Thursday, January 21, 2010

Leadership and Delegation


Grapes on the wine ... vineyard north of Atlanta

Tonight was my first conference call for the Ph.D. program.  I admit that I really don't like talking on the phone.  I have a hard time listening, my mind races so quickly and I drift off so easily, so this will be a challenge.  The topic is interesting, my classmates seem to be intelligent and fun, and my professor is one of the best.  The first week of class is always slow, so I have confidence the calls will pick up in the coming weeks and that I will develop better listening skills.

So, leadership ... our organization is working on making managers into less, well, managerial, and more leaders and champions of development.  Difficult road, teaching old dogs new tricks is the cliched analogy that comes to mind.  I'm thinking of how I can be a leader, in my individual contributor role at work, and at home.

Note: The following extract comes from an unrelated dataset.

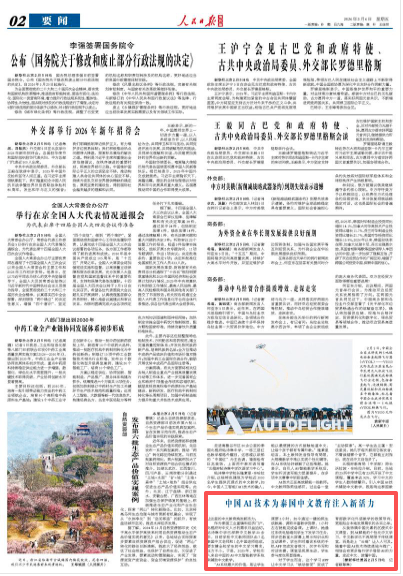 对于学生而言,这个学习APP让中文学习从"被动接受"变成了"主动探索"。高一学生达兰蓬·安法里说, 她几乎每天都用它练发音,不管读错哪个音节,它都能立刻指出,现在说中文自信多了。 北榄府教育局(中学部)局长沃拉波·辛哈拉介绍,目前,当地的25所中学中已有23所开设了中文课 程,覆盖率达92%,学习中文的学生人数持续攀升。引入中国AI技术辅助中文教学,既是响应泰国教育 部数字化外语教学的政策导向,更是贴合本地发展需求的务实之举。 从装饰满中国元素的沉浸式中文课堂,到AI赋能的个性化中文学习,中文教学已不再局限于传统课 堂,而是走上"云端"让人人可及。随着中国AI技术持续落地与推广,相信会有更多海外学子借助AI的力 量,走近中文、读懂中国。 (据新华社曼谷2月5日电 记者赵彩琳) 《人民日报海外版》(2026年02月06日 第 02 版) 走进离曼谷市区20余公里的泰国北榄府帖诗琳中学,一栋三层红色教学楼格外醒目,这栋楼以浓郁 的"中国红"为主色调,墙面绘有巨龙装饰,上面用中泰双语写着"北榄府帖诗琳中学汉语学习中心"。 帖诗琳中学校长隆素里·辛哈拉介绍,这栋特色建筑为学校近3000名学生提供沉浸式的中文教学。如 ...

I'm also thinking that I'm hungry and that my husband, who goes to the gym after work, while I stay home and study, pretend to use my home gym, make dinner, and take care of household duties, can't make dinner.  I tried to delegate dinner to him Tuesday night, after an evening of studying and answering discussion threads online, and found that I actually had to instruct him while preparing the rest of the dinner around him - while he looked up from trimming the chicken every three seconds at the basketball game, lest we never eat - or get food poisoning.  My husband is a self-proclaimed non-chef, the opposite of me.  We joked, when I went back to school to get my Master's degree, and then my Ph.D., that he'd have to pick up some slack at home, so he said, "Great, I can make dinner, what kind of cereal do you want?"  But it's not a joke, he cannot cook, at all.  And I cannot eat meals that are not prepared fresh - at all.

This brings to mind my view of leadership, and how my role in my organization is probably well-placed.  I am a do-er.  I make things happen.  I love my job, I'm very good at my job, and I've never received anything less than a promotion, or a rare outstanding at each of my performance appraisals.  Being faced this fall with the possibility to be promoted to HR Manager, while knowing I could not move 1500 miles away at the moment, I realized that I might not make the best HR Manager right now.  I am not sure I know how to delegate, how to let go of tasks for which I'm responsible.  I see this in so many ineffective leaders, and I fear this in myself.  This will be something I work on if I want to be a manager/leader.